La Junta de Castilla y León ha dejado sin efecto la ordenanza fiscal del Ayuntamiento de Almaraz de Duero que regulaba la tasa por la prestación de servicios en la residencia de la tercera edad y el centro de día, al considerar que la inclusión de bonificaciones para personas empadronadas en el municipio podría vulnerar el principio de igualdad y, por tanto, incurrir en una posible inconstitucionalidad.
La decisión se ha formalizado en el pleno extraordinario celebrado el 13 de abril de 2026, en el que se ha anulado el acuerdo aprobado en noviembre de 2025 por el que el Consistorio planteaba una revisión de la tasa municipal en un servicio que lleva 25 años en funcionamiento.

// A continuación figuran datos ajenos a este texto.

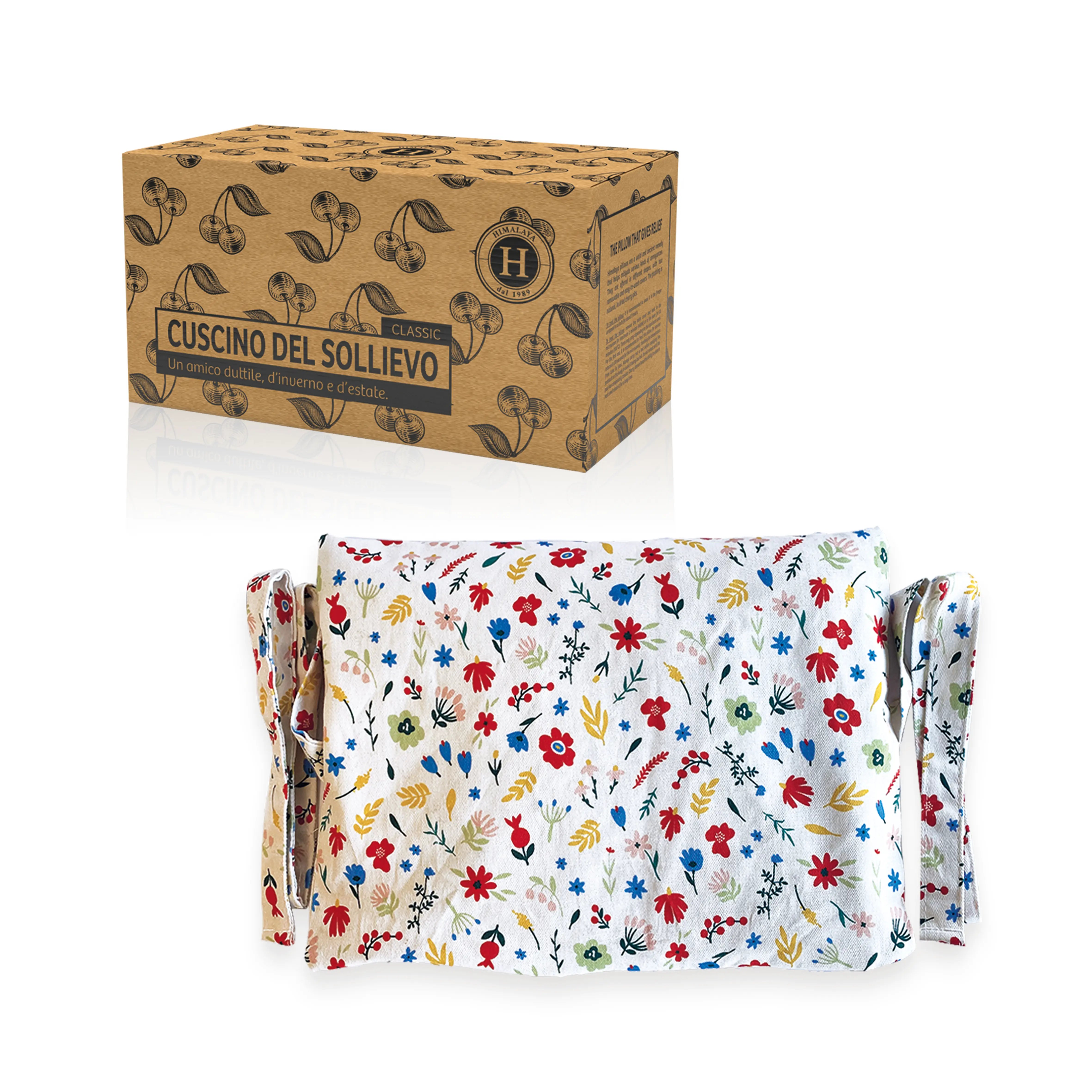 TO HEAT THE PILLOW: remove the outer cover and heat in the microwave for up to 2 minutes (600W) or in the oven for 10 minutes (100 °C). Times may vary depending on the appliance used. For the first use, we recommend heating the pillow for shorter intervals (30 seconds for the microwave), checking the temperature each time. Always test the product on the body before applying it to avoid it being too hot. Wait until the pillow has cooled down before reheating. Cherry stones have the ability to absorb heat and retain it for a long time.

La residencia de mayores de Almaraz de Duero, con 36 plazas, mantiene desde su apertura una gestión municipal continuada y una ordenanza fiscal que, según el Ayuntamiento, se venía actualizando de forma anual para ajustar costes y garantizar la sostenibilidad del servicio.
El alcalde, José Martín, ha explicado que la modificación anulada no suponía un cambio estructural del sistema, sino una actualización ordinaria cercana al 4%, habitual en ejercicios anteriores para adaptar los precios a la evolución de los costes de mantenimiento y atención asistencial.
Martín ha señalado además que la ordenanza incorporaba un mecanismo de carácter social, mediante el cual parte de los usuarios podía acceder a una reducción de hasta el 50% del coste de la plaza en función de sus ingresos, pensiones o ayudas de dependencia, con el objetivo de facilitar el acceso a este recurso en el medio rural.
La resolución autonómica implica que el Ayuntamiento no podrá aplicar la subida prevista desde el 1 de enero de 2026, lo que afecta a la planificación económica del servicio, financiado en parte mediante estas tasas municipales.
El consistorio mantiene ahora la gestión de la residencia sin la actualización fiscal prevista y con una ordenanza que deberá adaptarse al criterio fijado por la administración autonómica, en un recurso que continúa siendo uno de los servicios públicos esenciales del municipio desde hace más de dos décadas. El regidor resume el malestar institucional con una frase clara: “Ni hacen residencias ni nos dejan gestionarlas en condiciones”.